— Если вы будете спрашивать меня об этом со сверкающими глазами и грозным тоном, я пошлю вас, любезный друг, к черту, но если вы серьезно обращаетесь к моей чести и будете ценить мои слова как следует… так ли вы меня спрашиваете?

— Да, клянусь вам честью вашей и моей!

— В таком случае и я клянусь вам вашей и моей честью никогда не помышлять о мисс Медоре.

— Стало быть, вы очень уверены, что можете сдержать это слово? Послушайте, любезный друг, не сердитесь. Я, грешный, сомневаюсь во всем, даже в самом себе, и признаюсь, не смел бы в подобном случае дать вам клятву, которую вы так решительно мне дали.

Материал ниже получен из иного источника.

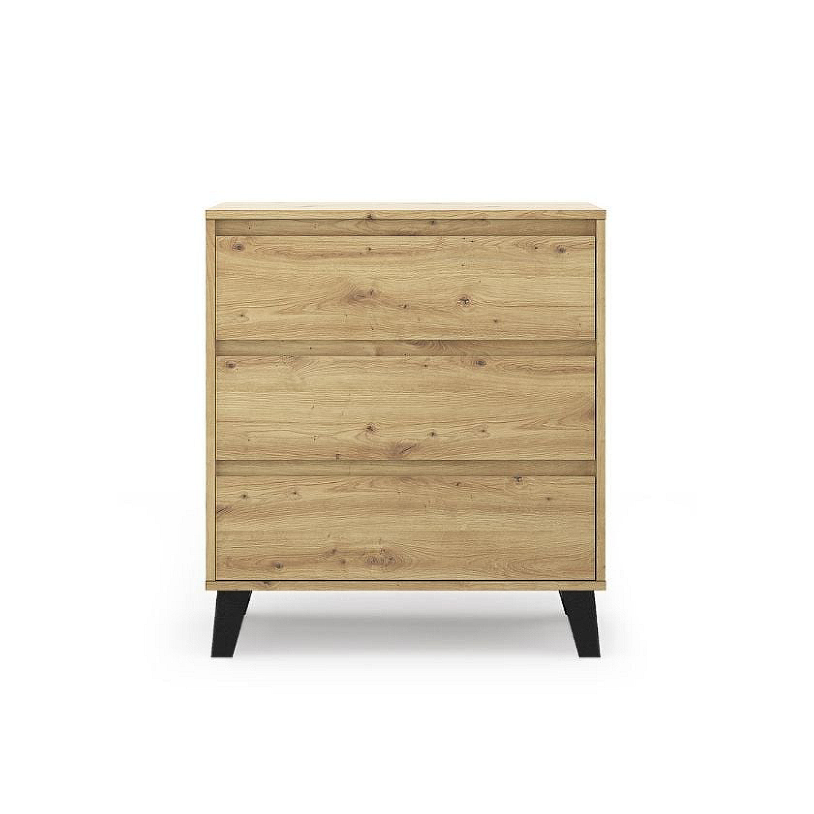 Comoda BORG în decor stejar artisan cu 3 sertare este o alegere excelentă pentru persoanele care caută un mobilier practic și elegant pentru depozitare. Datorită construcției sale, oferă un spațiu generos pentru organizarea hainelor, lenjeriei, accesoriilor sau documentelor.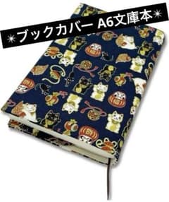 ブックカバー 本カバー サイズ調整可能 しおり付 大福猫 ネイビー A6 文庫本

— Так сомневайтесь себе на здоровье, а мне больше нечего делать.

— Нет, нет, я принимаю ваше слово, я почитаю его священным в отношении к нашему времени; но подумайте, что не сегодня, так завтра, вы можете раскаиваться в том, что его дали!

— Как это, почему?

— Э, Боже мой, как знать, что может забрать себе в голову молодая девушка, так легко воспламеняющаяся, как иногда Медора. Если бы она почувствовала к вам… склонность, что ли (я только предполагаю), и призналась бы вам, например, что она вас предпочитает…

— Так вот в чем дело! — сказал я ему, чтобы положить конец всем догадкам, которые ставили меня в неловкое положение. — Вы пришли, как простодушный любовник, предупредить меня об опасностях, которым я могу подвергнуться, то есть указать мне выгоды моего положения?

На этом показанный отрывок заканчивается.